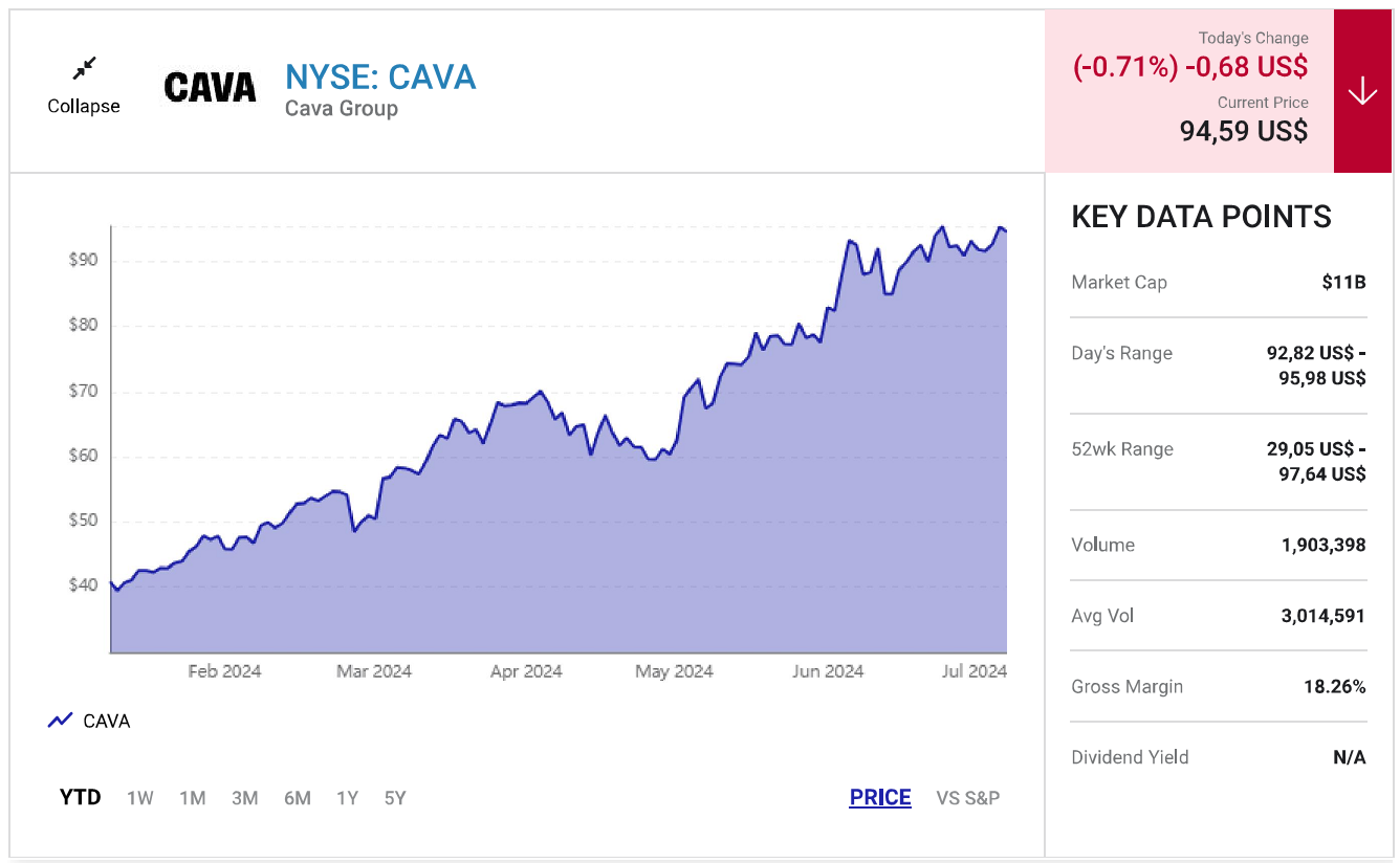 Các nhà đầu tư thường có xu hướng tránh xa các cổ phiếu mới trải qua IPO nhưng Cava đã được chứng minh một điều ngược lại. Cổ phiếu của chuỗi nhà hàng ăn nhanh bình dân Địa Trung Hải được niêm yết lên sàn chứng khoán với giá 22 USD vào mùa xuân năm ngoái. Cava đã tăng gần gấp đôi giá trị lên 42,98 USD vào cuối năm 2023. Cổ phiếu đã tiếp tục tăng gấp đôi một lần nữa trong năm nay để gấp bốn lần giá trị trong vòng chưa đầy 13 tháng kể từ IPO (phát hành cổ phiếu lần đầu ra công chúng).
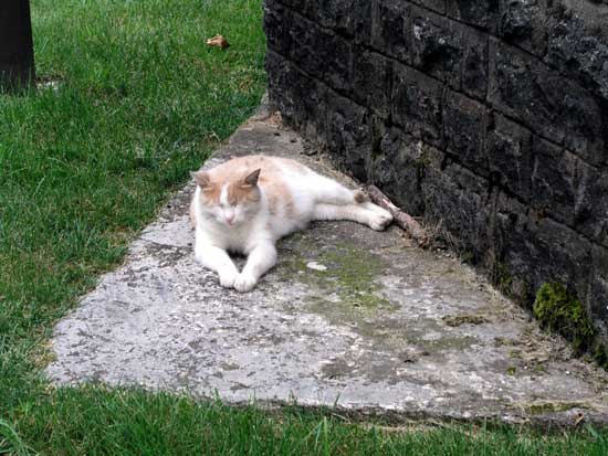 around the rafters. He is a permanent resident at the distillery, and I caught up with him outside the warehouse.
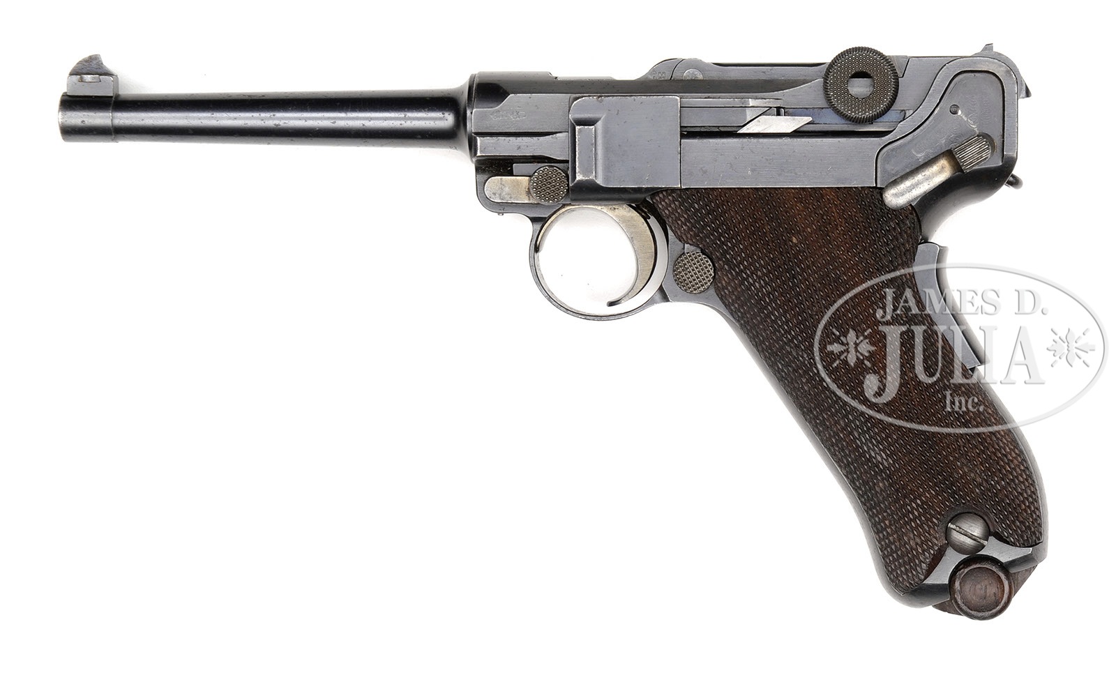 *◊ DWM 1906 7.65 MM CAL. COMMERCIAL LUGER.SN 33165. 4-3/4″ “BUG” proofed 7.65 mm Cal. bbl with full SN on bottom. “DWM” scroll on center toggle link. “BU” proofed toggle assembly and receiver. Flaming bomb proof in front frame well. Grip safety. Checkered walnut grips. Proper plain wood bottom magazine. All numbered parts are matching. This gun is featured on pp. 566 and 900 of The Borchardt & Luger Automatic Pistols by Joachim Gortz & Dr. Geoffrey Sturgess. PROVENANCE: Collection of Dr. Geoffrey Sturgess. CONDITION: Excellent retaining 97% orig blue with scattered light corrosion. Retains 70% orig straw with scattered light corrosion. Bore is lightly worn with frosting. Grips are sharp with dings and chips to the checkering. Wood grain is visible. Magazine is excellent with a few minor dings on the wood bottom. Mechanics are excellent. 4-52765 BWS26 (2,000-3,000) – Lot 3085
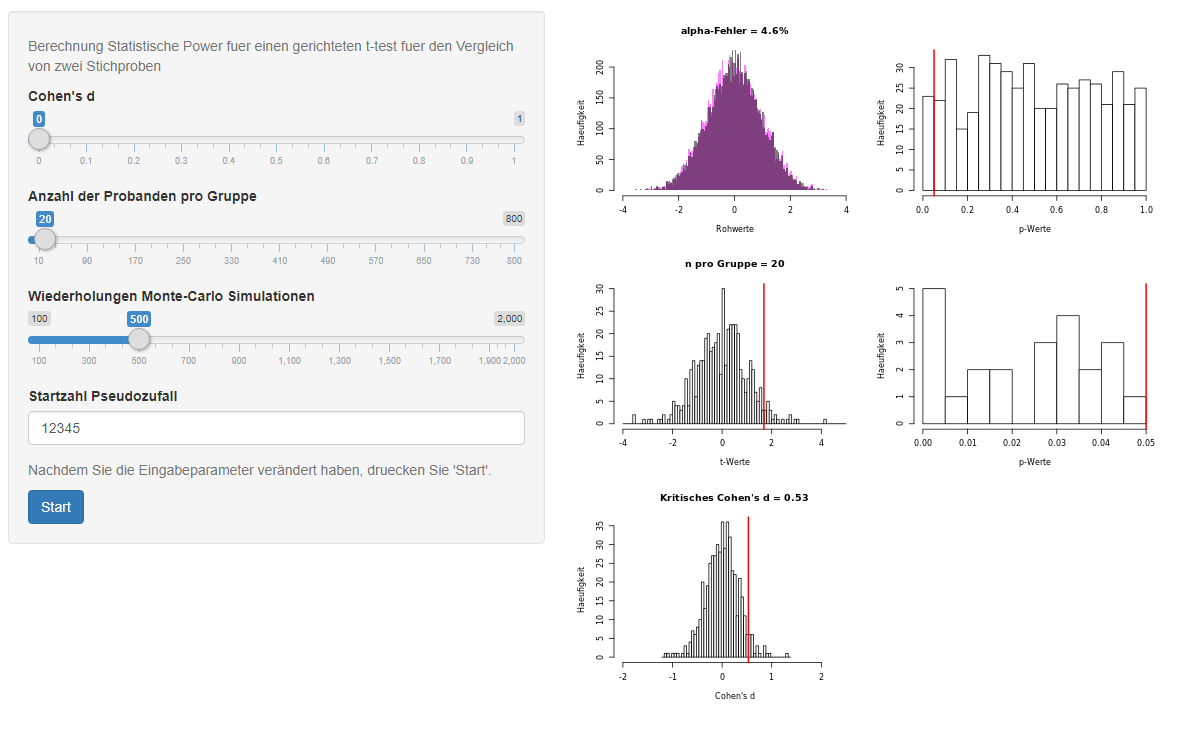 Relation between effect size, p-value distribution, n, alpha-error, and power.

**PROBLEM TO SOLVE**
Drop the pictures; repeat the listing above exactly.

**ANSWER BOX**
 Các nhà đầu tư thường có xu hướng tránh xa các cổ phiếu mới trải qua IPO nhưng Cava đã được chứng minh một điều ngược lại. Cổ phiếu của chuỗi nhà hàng ăn nhanh bình dân Địa Trung Hải được niêm yết lên sàn chứng khoán với giá 22 USD vào mùa xuân năm ngoái. Cava đã tăng gần gấp đôi giá trị lên 42,98 USD vào cuối năm 2023. Cổ phiếu đã tiếp tục tăng gấp đôi một lần nữa trong năm nay để gấp bốn lần giá trị trong vòng chưa đầy 13 tháng kể từ IPO (phát hành cổ phiếu lần đầu ra công chúng).
 around the rafters. He is a permanent resident at the distillery, and I caught up with him outside the warehouse.
 *◊ DWM 1906 7.65 MM CAL. COMMERCIAL LUGER.SN 33165. 4-3/4″ “BUG” proofed 7.65 mm Cal. bbl with full SN on bottom. “DWM” scroll on center toggle link. “BU” proofed toggle assembly and receiver. Flaming bomb proof in front frame well. Grip safety. Checkered walnut grips. Proper plain wood bottom magazine. All numbered parts are matching. This gun is featured on pp. 566 and 900 of The Borchardt & Luger Automatic Pistols by Joachim Gortz & Dr. Geoffrey Sturgess. PROVENANCE: Collection of Dr. Geoffrey Sturgess. CONDITION: Excellent retaining 97% orig blue with scattered light corrosion. Retains 70% orig straw with scattered light corrosion. Bore is lightly worn with frosting. Grips are sharp with dings and chips to the checkering. Wood grain is visible. Magazine is excellent with a few minor dings on the wood bottom. Mechanics are excellent. 4-52765 BWS26 (2,000-3,000) – Lot 3085
 Relation between effect size, p-value distribution, n, alpha-error, and power.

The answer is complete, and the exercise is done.